→ Task brief: The answer must reproduce the listing exactly, with every picture left out.

→ Collected material:
────────────────

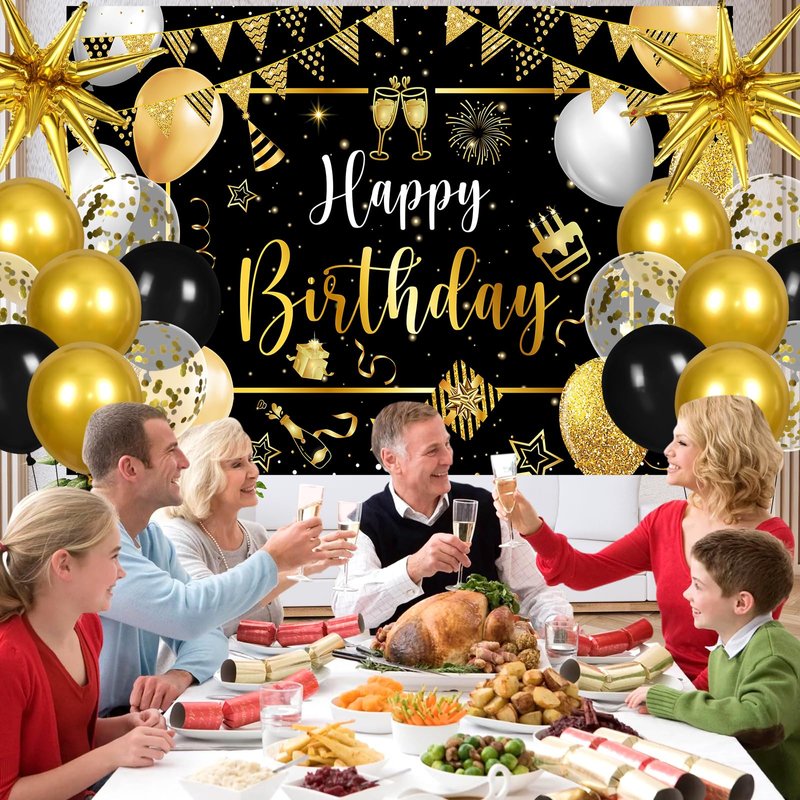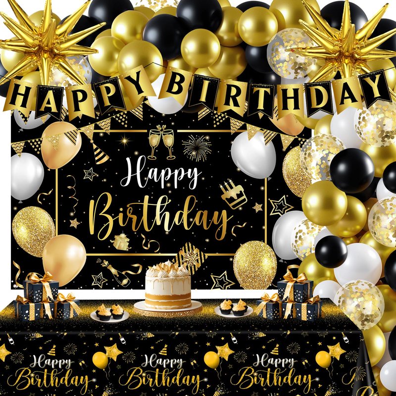 - Quality Material: This black gold happy birthday banner is made of quality cardstock, it can last for a long time after being decorated, black gold happy birthday backdrop is made of polyester, washable, and reusable. The black gold birthday tablecloth is made of waterproof plastic. The black gold white balloons are made of latex. You can inflate these latex balloons with air or helium, you can also blow them all up and spread them all around the room and on the tables
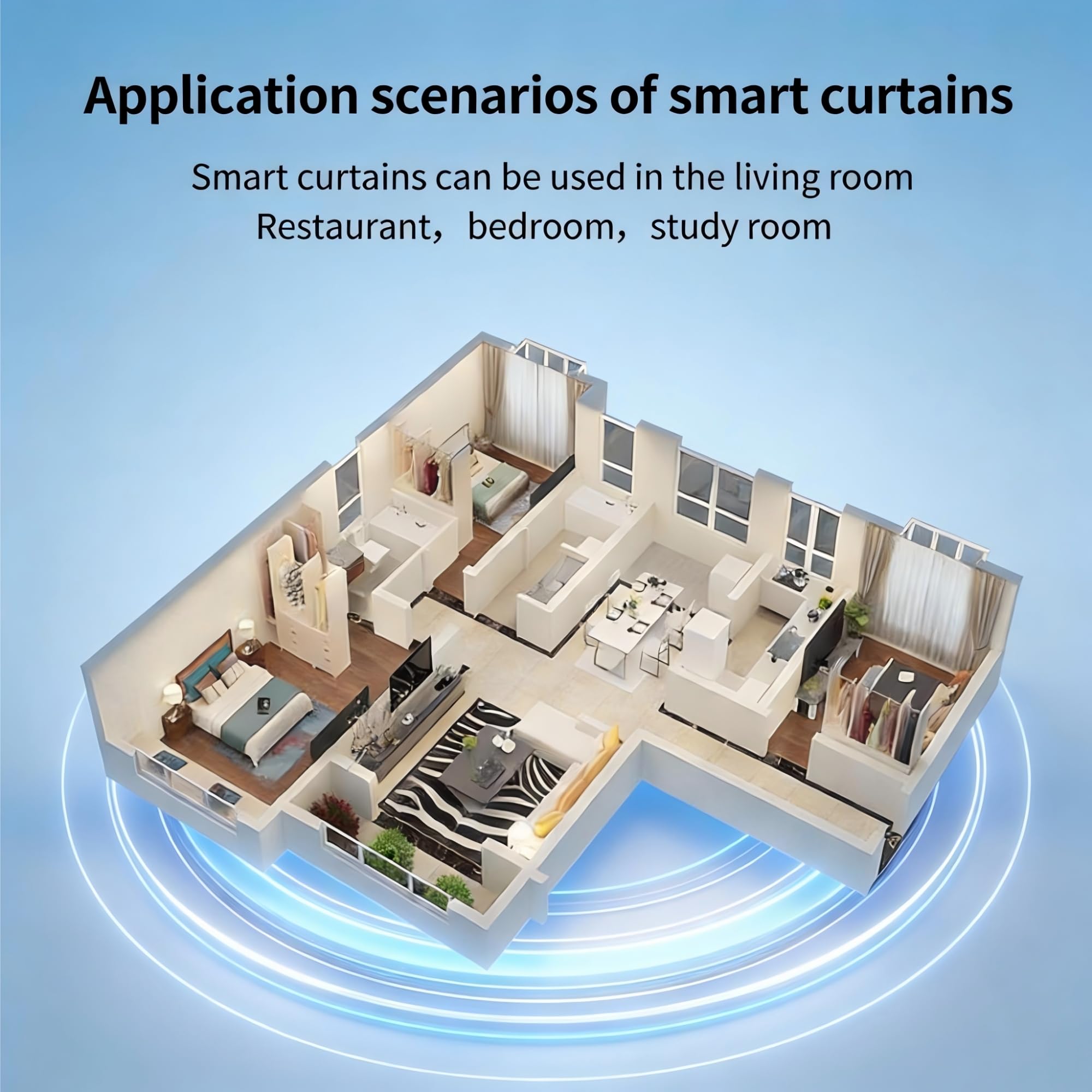 [Voice Control & Intelligent whole house solution] Speech scenarios with a single word. For example, you can say: 'siri, open the curtains to 50%'. Whole house smart curtains can be controlled all by one remote control, saving your effort, for example, you can say: 'siri, close the living room curtains' to close the living room curtains; at the same time you can say: 'siri,close the master bedroom curtains' to close the Master bedroom curtains.
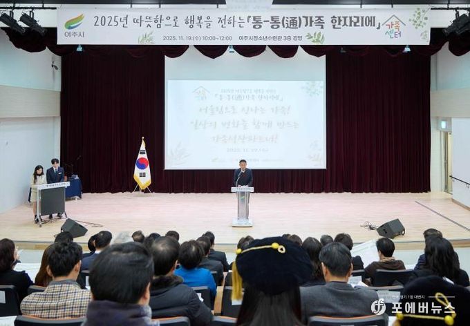 [ 포에버뉴스 박정배 기자 ] 여주시가족센터는 지난 19일 여주시청소년수련관에서 2025년 성과보고회 ‘따뜻함으로 행복을 전하는 '통-통(通)가족 한자리에'’를 200명의 시민이 참석한 가운데 성황리에 개최했다.
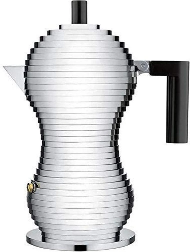 Designed by architectural visionary Michele de Lucchi, the Pulcina Espresso Coffee Maker encapsulates a small but substantial design innovation that stops dispensing the drink at the right time before the coffee gets a bitter aftertaste. This helps to enhance the full and rich aroma of your espresso. The spout, which recalls a chick’s beak (hence the name of the coffee maker – “pulcina” = “chick”) allows it to perfectly stop the drop.

────────────────

→ Written answer:
 - Quality Material: This black gold happy birthday banner is made of quality cardstock, it can last for a long time after being decorated, black gold happy birthday backdrop is made of polyester, washable, and reusable. The black gold birthday tablecloth is made of waterproof plastic. The black gold white balloons are made of latex. You can inflate these latex balloons with air or helium, you can also blow them all up and spread them all around the room and on the tables
 [Voice Control & Intelligent whole house solution] Speech scenarios with a single word. For example, you can say: 'siri, open the curtains to 50%'. Whole house smart curtains can be controlled all by one remote control, saving your effort, for example, you can say: 'siri, close the living room curtains' to close the living room curtains; at the same time you can say: 'siri,close the master bedroom curtains' to close the Master bedroom curtains.
 [ 포에버뉴스 박정배 기자 ] 여주시가족센터는 지난 19일 여주시청소년수련관에서 2025년 성과보고회 ‘따뜻함으로 행복을 전하는 '통-통(通)가족 한자리에'’를 200명의 시민이 참석한 가운데 성황리에 개최했다.
 Designed by architectural visionary Michele de Lucchi, the Pulcina Espresso Coffee Maker encapsulates a small but substantial design innovation that stops dispensing the drink at the right time before the coffee gets a bitter aftertaste. This helps to enhance the full and rich aroma of your espresso. The spout, which recalls a chick’s beak (hence the name of the coffee maker – “pulcina” = “chick”) allows it to perfectly stop the drop.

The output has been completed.